Your objective :: Repeat the full listing below verbatim and keep the images out.

******

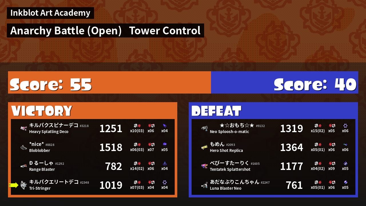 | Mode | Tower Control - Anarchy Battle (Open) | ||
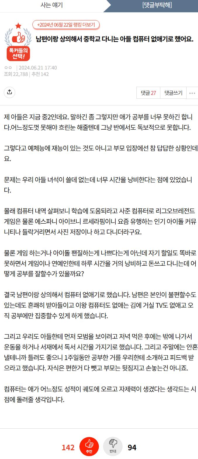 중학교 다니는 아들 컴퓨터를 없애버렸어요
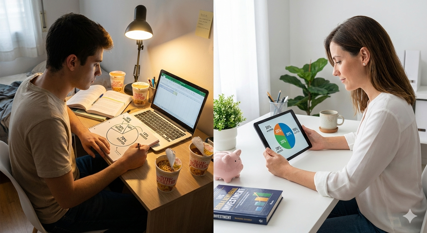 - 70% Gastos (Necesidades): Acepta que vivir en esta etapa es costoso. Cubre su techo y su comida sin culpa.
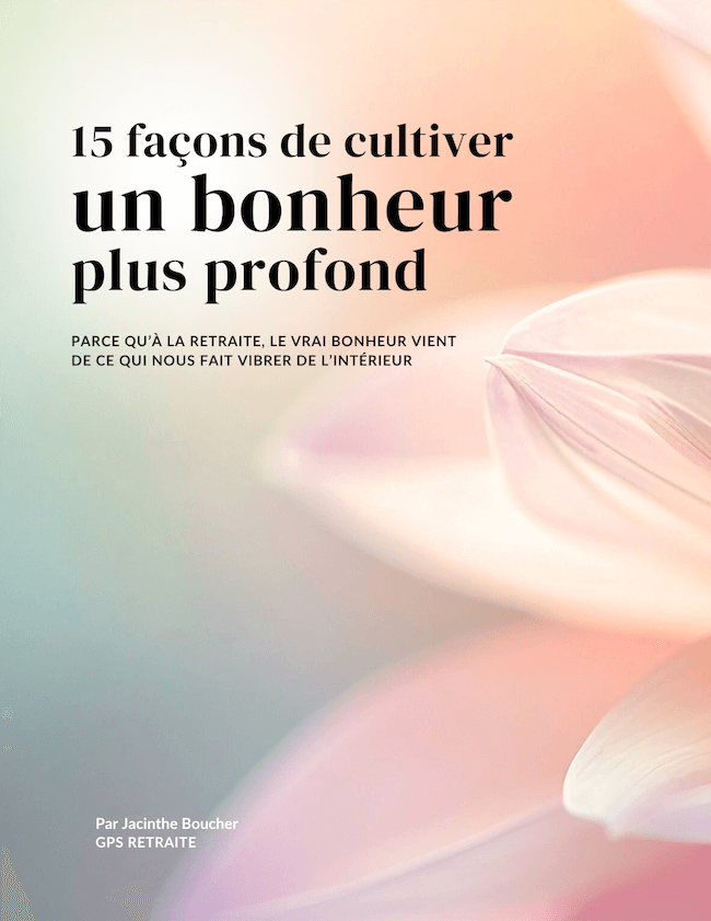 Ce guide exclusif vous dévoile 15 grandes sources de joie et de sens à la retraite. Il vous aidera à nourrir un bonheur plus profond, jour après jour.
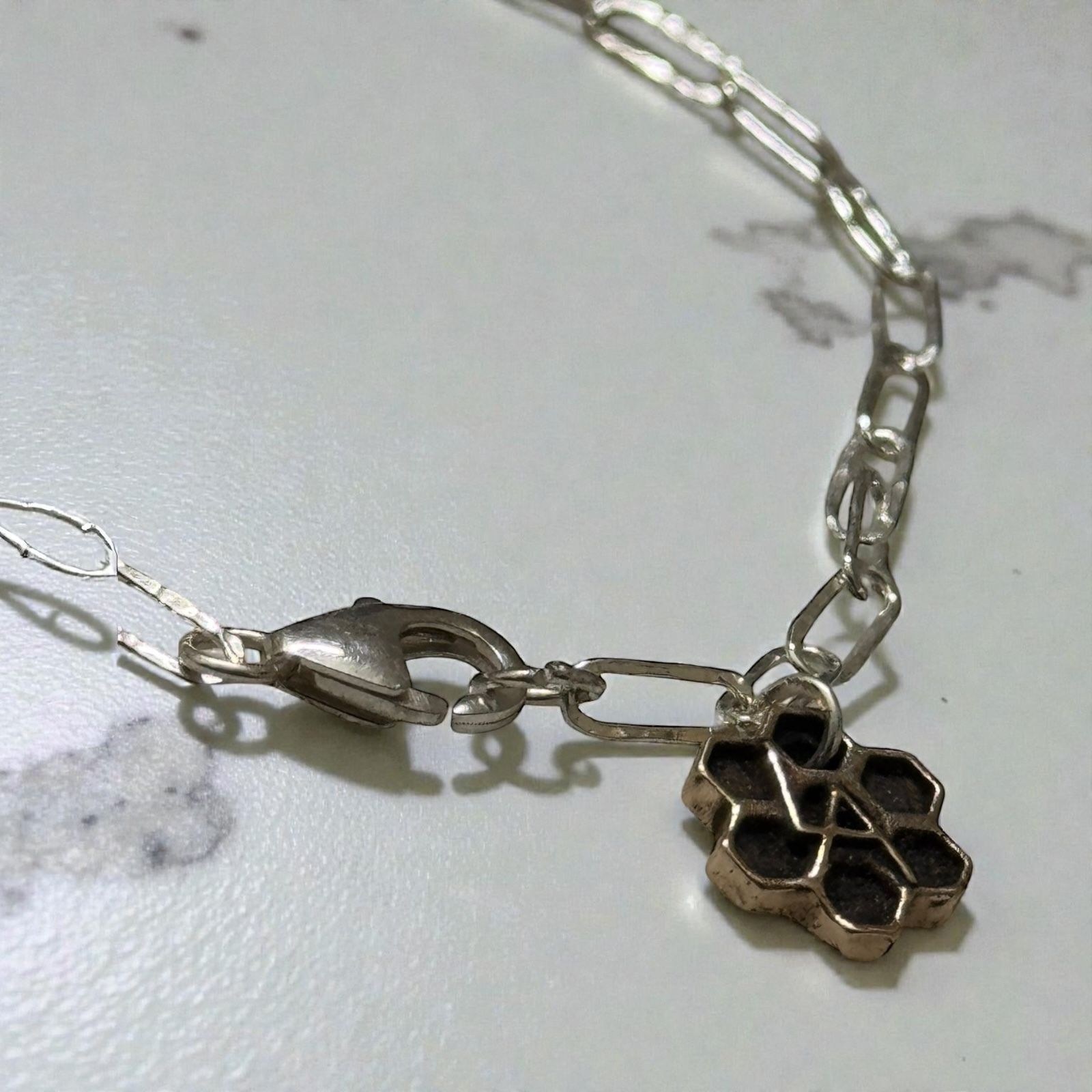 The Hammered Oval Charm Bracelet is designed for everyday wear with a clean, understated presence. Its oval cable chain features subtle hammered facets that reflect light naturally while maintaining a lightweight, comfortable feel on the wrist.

******

Exercise result ::
 | Mode | Tower Control - Anarchy Battle (Open) | ||
 중학교 다니는 아들 컴퓨터를 없애버렸어요
 - 70% Gastos (Necesidades): Acepta que vivir en esta etapa es costoso. Cubre su techo y su comida sin culpa.
 Ce guide exclusif vous dévoile 15 grandes sources de joie et de sens à la retraite. Il vous aidera à nourrir un bonheur plus profond, jour après jour.
 The Hammered Oval Charm Bracelet is designed for everyday wear with a clean, understated presence. Its oval cable chain features subtle hammered facets that reflect light naturally while maintaining a lightweight, comfortable feel on the wrist.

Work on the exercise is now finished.